Exactly. Yea, there are people who overestimate what DX12 will do, that's the truth, but the people completely downplaying the benefit it can have to the Xbox One at every turn and the extents to which they will go to imply there will be zero benefit, to me, are far worse and come off a whole lot more desperate in their attempts.
Look at the jump from Forza 2 to Forza 4. Look at the jump from Halo 3 to Halo 4. Yes, that all comes from the same accumulated experience with a piece of hardware as any other console generation, and the same would have taken place on the xbox one with or without DX12. That said, Dx12 is a bigger paradigm shift in API design than some are giving it credit for. No, wait, actually people are giving it its due, but they're doing so while bizarrely trying as hard as possible to sever any and all ties that Directx 12 could possibly have with the Xbox One, a console created by Microsoft. Flawed comparisons notwithstanding, DX12 even provides impressive performance boosts to much weaker intel integrated chips, and we're suppose to bury our heads in the ground and act like there's zero possibility the xbox one sees some meaningful benefit? It doesn't even need to be anywhere near as crazy as what we're seeing in all these different benchmarks to end up being a nice positive for the system.
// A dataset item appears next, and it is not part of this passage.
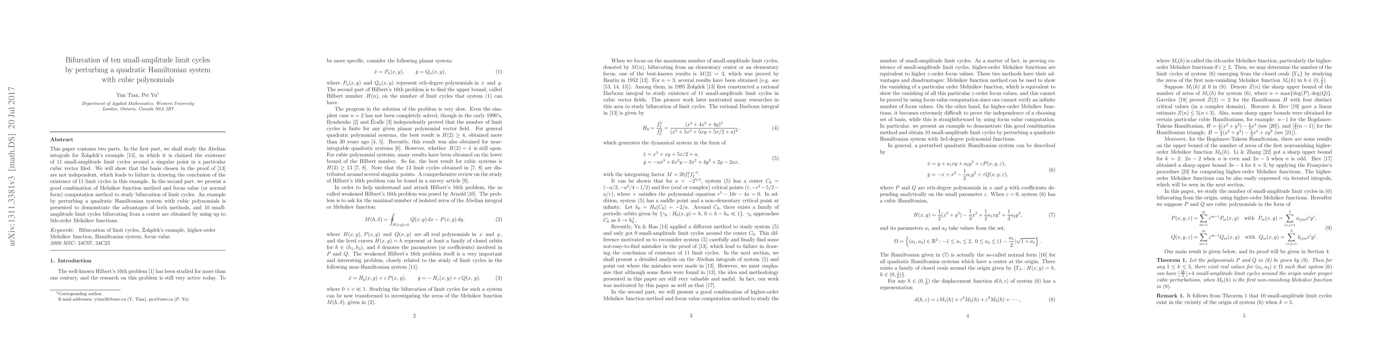 This paper corrects Zoladek's claim of 11 limit cycles in a cubic vector field, showing the basis used was not independent. It then uses Melnikov function and focus value methods to successfully demonstrate the bifurcation of 10 small-amplitude limit cycles from a perturbed quadratic Hamiltonian system.

And it doesn't take a rocket scientist to see what Phil Spencer is doing. He's being realistic and managing expectations so people can't say he oversold it. It benefits him in no way to try and present DX12 like it will be some miracle drug for the Xbox One, but rest assured that he has a pretty damn good idea of what it will mean for the Xbox One, and I'm certain he's a lot more gungho about its potential benefits than he's willing to let on in public. He looks at the whole "cloud" business and the way they were mocked for it, and has learned from that, and can anyone really blame him? That isn't to say there aren't some cool things that will come out of that, but he has obviously learned that it's far better to just walk a fine line and simply let the games and developers making them happen speak for themselves.